***** EXTRACTED RECORDS *****
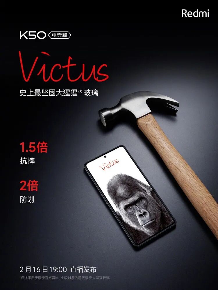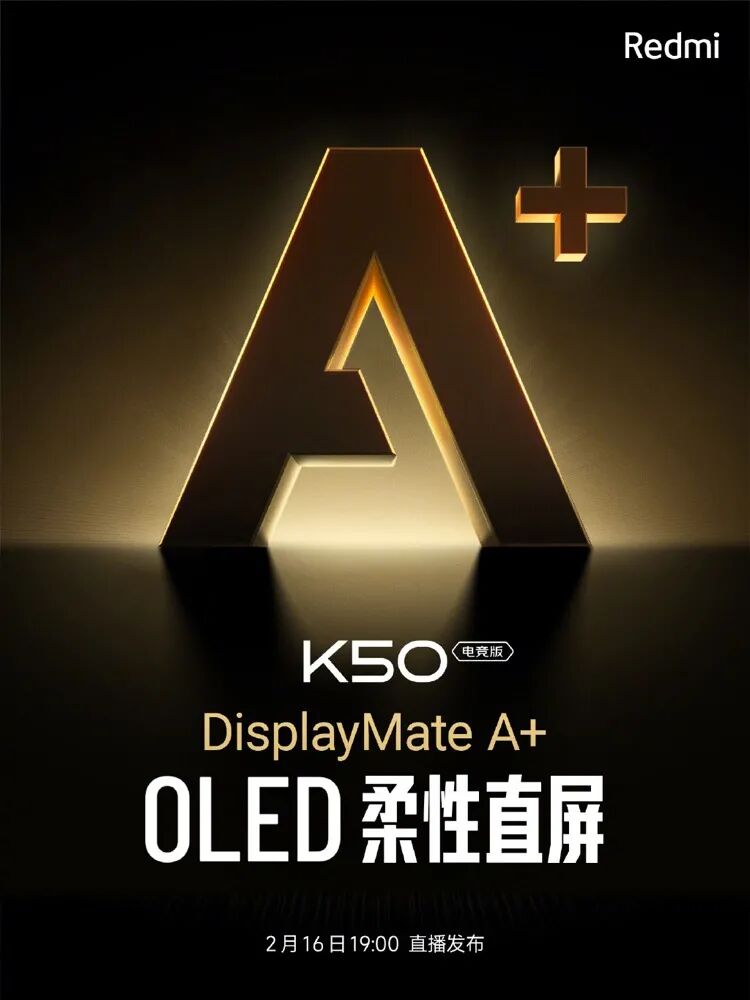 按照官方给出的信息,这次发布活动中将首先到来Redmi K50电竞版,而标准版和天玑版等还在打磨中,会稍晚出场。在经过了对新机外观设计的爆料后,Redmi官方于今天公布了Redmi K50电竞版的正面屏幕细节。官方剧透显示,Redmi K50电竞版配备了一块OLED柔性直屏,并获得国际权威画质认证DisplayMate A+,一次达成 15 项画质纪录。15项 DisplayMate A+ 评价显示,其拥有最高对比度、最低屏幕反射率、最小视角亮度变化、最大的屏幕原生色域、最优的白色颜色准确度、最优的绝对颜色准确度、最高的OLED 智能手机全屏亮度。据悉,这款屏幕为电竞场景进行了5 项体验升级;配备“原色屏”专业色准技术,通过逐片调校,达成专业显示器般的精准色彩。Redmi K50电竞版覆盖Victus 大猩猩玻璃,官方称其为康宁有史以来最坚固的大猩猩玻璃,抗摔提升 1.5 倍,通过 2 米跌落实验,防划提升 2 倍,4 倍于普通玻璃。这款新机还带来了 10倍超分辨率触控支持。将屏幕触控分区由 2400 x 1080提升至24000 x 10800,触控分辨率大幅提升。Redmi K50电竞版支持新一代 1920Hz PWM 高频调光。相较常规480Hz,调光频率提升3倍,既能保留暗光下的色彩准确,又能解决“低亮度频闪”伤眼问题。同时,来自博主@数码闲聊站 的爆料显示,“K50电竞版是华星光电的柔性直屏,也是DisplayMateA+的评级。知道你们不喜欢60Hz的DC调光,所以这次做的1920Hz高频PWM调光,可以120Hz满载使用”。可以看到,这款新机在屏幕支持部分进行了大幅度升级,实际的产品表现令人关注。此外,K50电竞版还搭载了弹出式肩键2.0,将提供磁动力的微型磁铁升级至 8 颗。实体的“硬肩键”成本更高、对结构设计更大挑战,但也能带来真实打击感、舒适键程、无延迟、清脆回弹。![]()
*****
***** EXTRACTED RECORDS *****
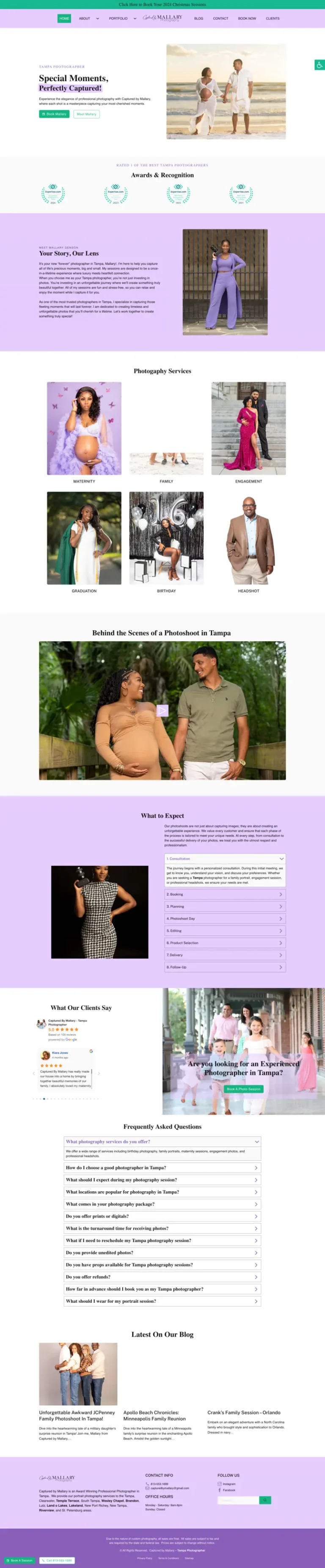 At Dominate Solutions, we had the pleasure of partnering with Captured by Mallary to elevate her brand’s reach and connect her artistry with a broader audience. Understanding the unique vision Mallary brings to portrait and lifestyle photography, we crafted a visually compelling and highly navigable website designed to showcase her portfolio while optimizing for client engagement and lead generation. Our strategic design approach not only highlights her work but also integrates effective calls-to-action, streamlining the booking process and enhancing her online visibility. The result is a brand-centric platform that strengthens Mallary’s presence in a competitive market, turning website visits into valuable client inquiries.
*****
***** EXTRACTED RECORDS *****
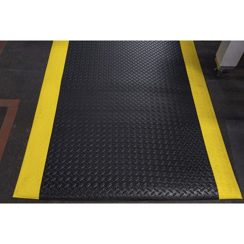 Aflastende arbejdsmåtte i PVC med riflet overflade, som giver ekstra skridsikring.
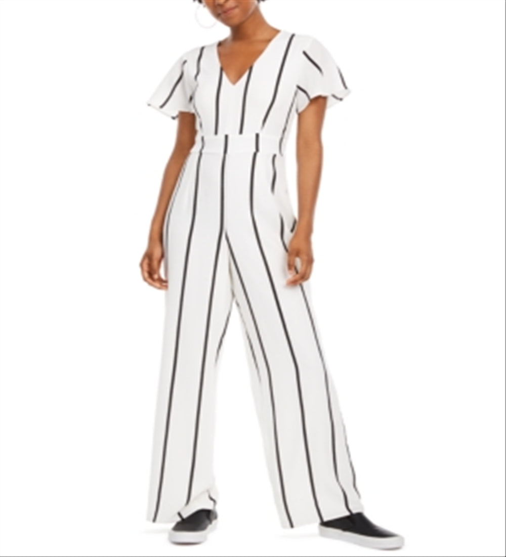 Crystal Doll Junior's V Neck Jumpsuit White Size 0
*****
REQUIRED WORK:
From the material above, give again exactly the lines from the one that contains "Aflastende arbejdsmåtte i" through the one that contains "Crystal Doll Junior's", and leave out the pictures.

RESULT:
 Aflastende arbejdsmåtte i PVC med riflet overflade, som giver ekstra skridsikring.
 Crystal Doll Junior's V Neck Jumpsuit White Size 0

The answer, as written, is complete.